Home-owners are responsible for paying capital gains taxes on any sale of a residence. However, the IRC allows for an exclusion for taxes on up to $250,000 (for single taxpayers) or$500,000 (for married taxpayers filing jointly) from the sale of the principal residence. IRC 121.
In order to qualify for this exclusion, the family home must be used as the primary residence for 2 of the last 5 years and the full amount can be claimed only if there was no other sale for which a §121 exclusion was claimed within two years prior to the sale date. For joint filers to obtain the full exclusion, the home must have been owned by one of them for at least two of the five years before the sale, both spouses must have used the home for two of the last five years.

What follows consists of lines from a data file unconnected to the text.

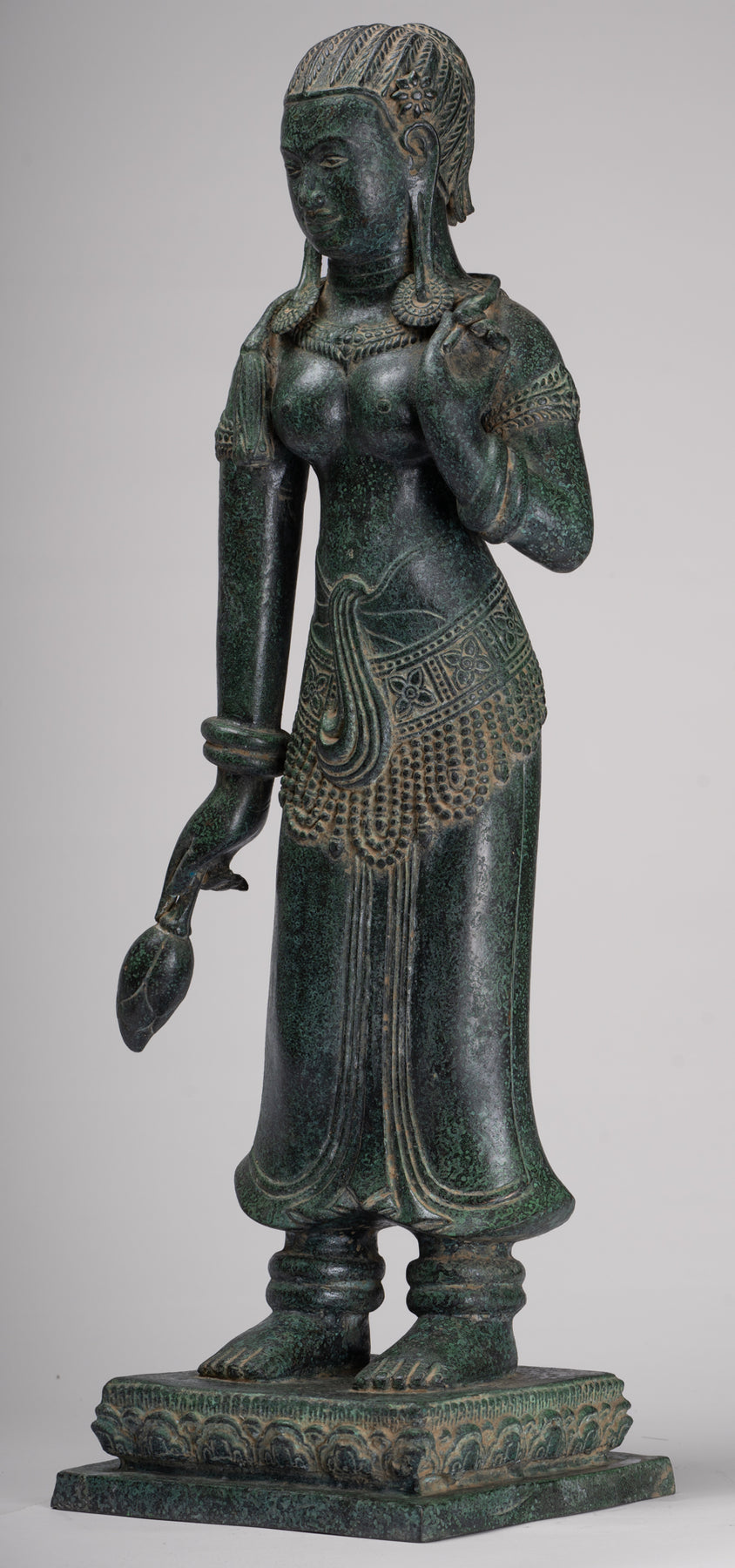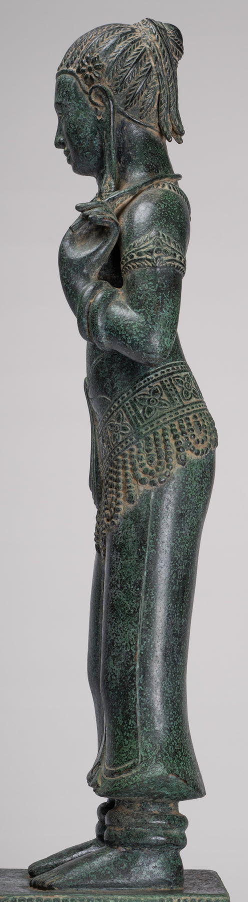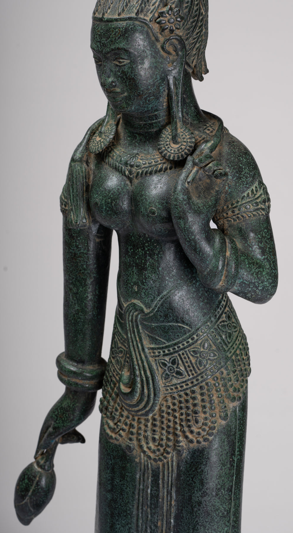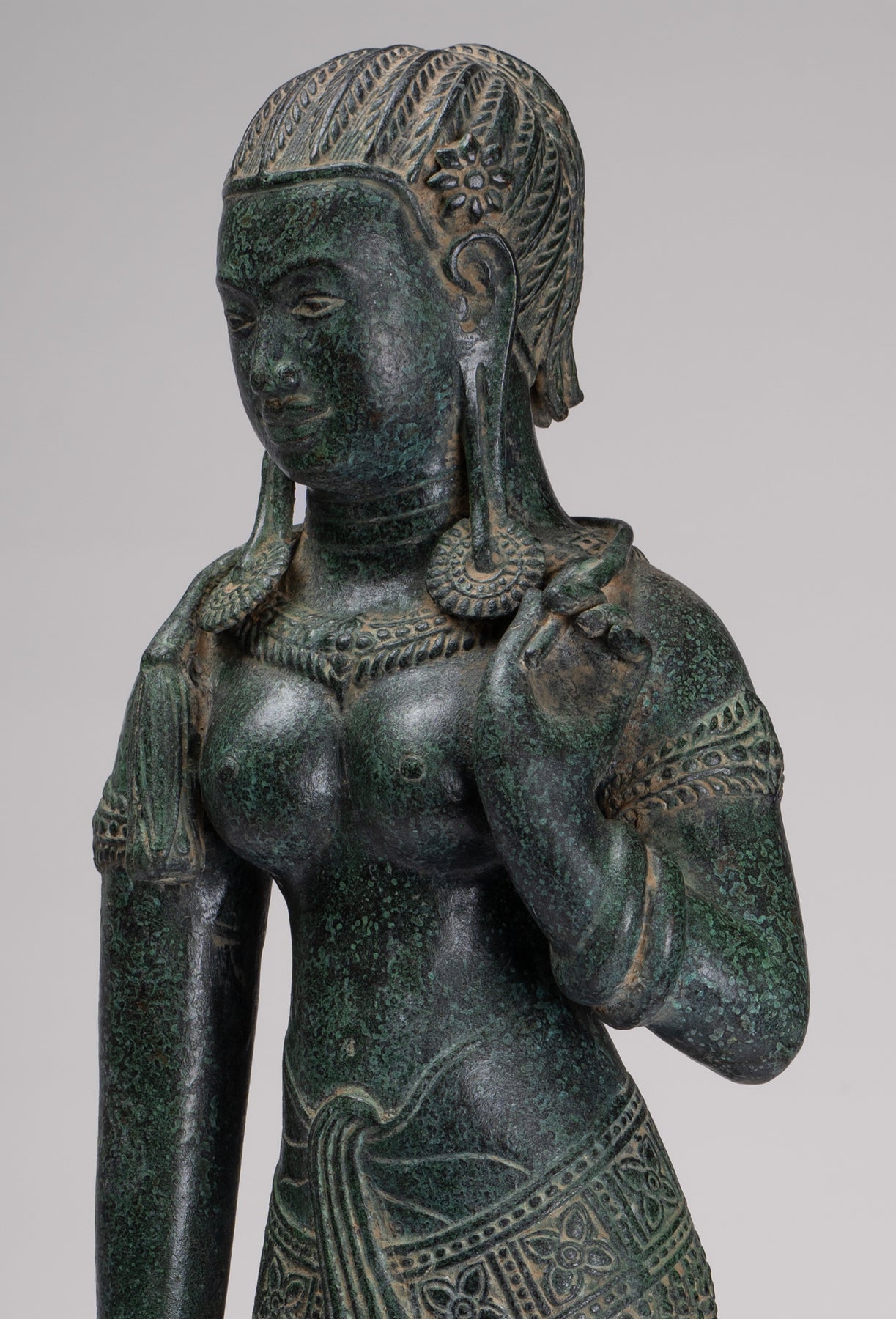 La silhouette dégage une sérénité et une puissance tranquille resplendissante de la sensualité du style Banteay Srei.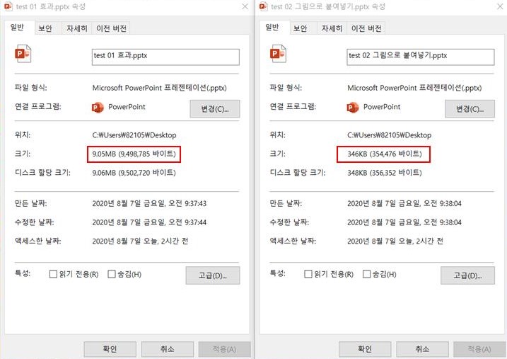 정말 많이 줄었죠? 그림 압축을 하지 않고, 이렇게 그림으로 붙여넣기 기능 활용만으로도 PPT 용량을 줄일 수 있답니다!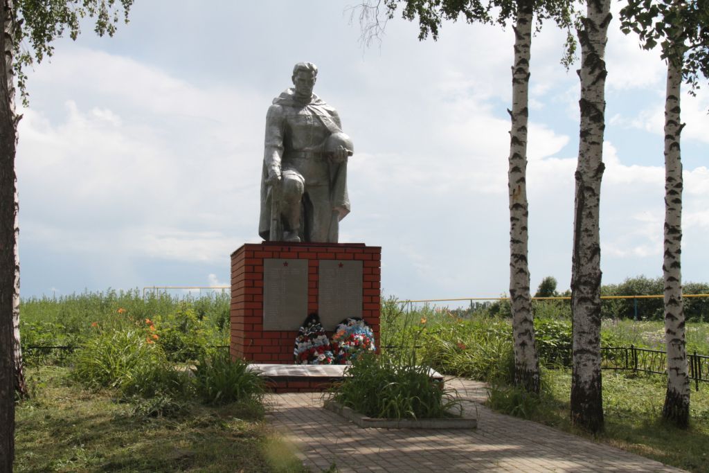 Объемно-пространственная композиция памятника, включая скульптуру «Советский воин» (коленопреклонённый воин с каской и автоматом в руках), установленную на массивном постаменте, фамилиипогибших советских воинов, расположенные на мемориальных досках и мемориальных плитах, выполненных из натурального камня.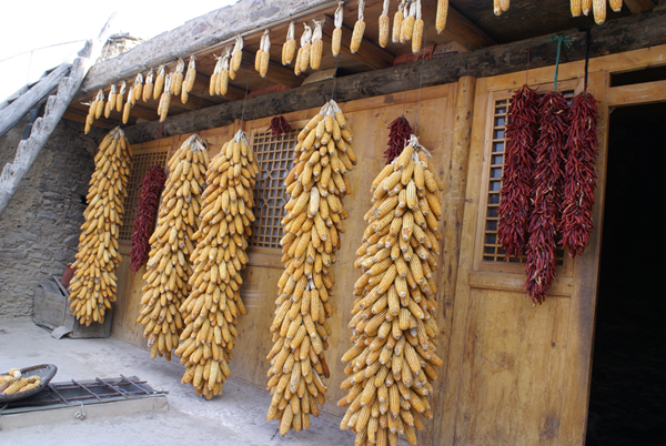 羌族人在自家小院里儲存的食物(劉軍攝)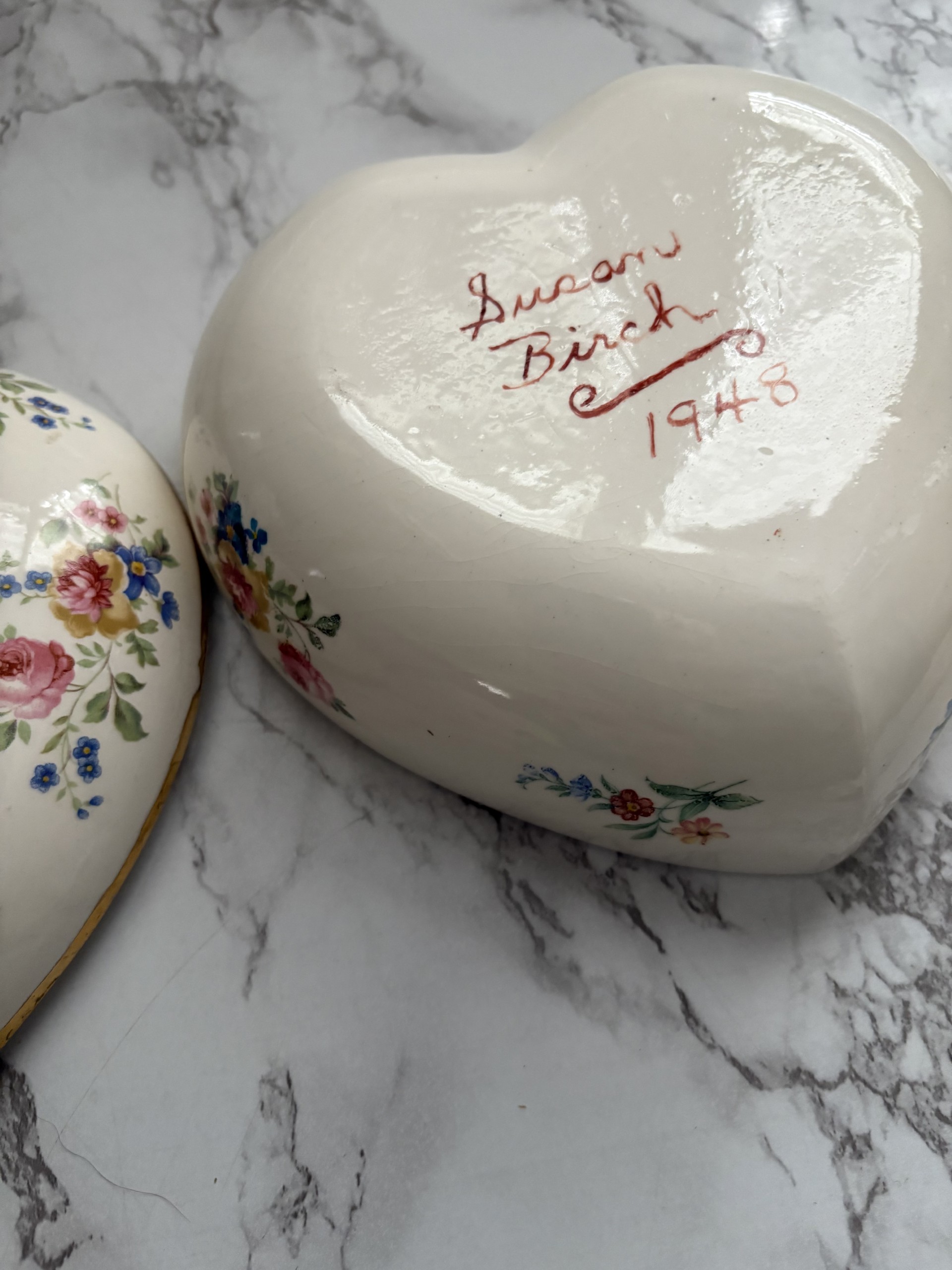 A 7X7X3 porcelain covered heart shaped bowl handmade in 1948. It’s in vintage excellent condition.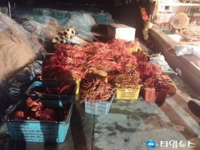 [영덕타임뉴스=백두산기자]포항해양경비안전서(서장 김인창)는 허용어획 할당을 받지 않고 붉은대게 1,800여마리를 불법포획 한 혐의(수산자원관리법 위반)로 김모(54)씨를 검거하여 조사하고 있다고 12일 밝혔다.

For a home that is received in a §1041 transaction, the spouse may count the joint ownership time towards his or her eligibility for the exclusion.
Even if a spouse has not lived in the home for 2 years, you can preserve the $500,000 exclusion by signing and executing a Stipulation that grants one spouse the exclusive use of the home under a court order and has both spouses on title. This is called a “Duke” order and the “out-spouse” is credited with the time the other spouse has exclusive use. Make sure to specify the duration of this order because only the time pursuant to a written agreement or order will be considered under this rule.
If it’s been more than 2 years, you can re-qualify for the exclusion but the house must be held by the parties for at least 2 more years for the out-spouse to re-qualify for the exclusion.
Keep in mind that this may not apply in the case of a “bird- nesting arrangement”. This is because under §121, one party must be granted use of the property under the divorce agreement.
Even if you did not create a written agreement, you still may be in luck. A taxpayer can qualify for a partial exclusion if they cannot meet the two out of five year requirement due to an “unforeseen circumstance”. A divorce or separation under a qualified agreement is considered an “unforeseen circumstance.”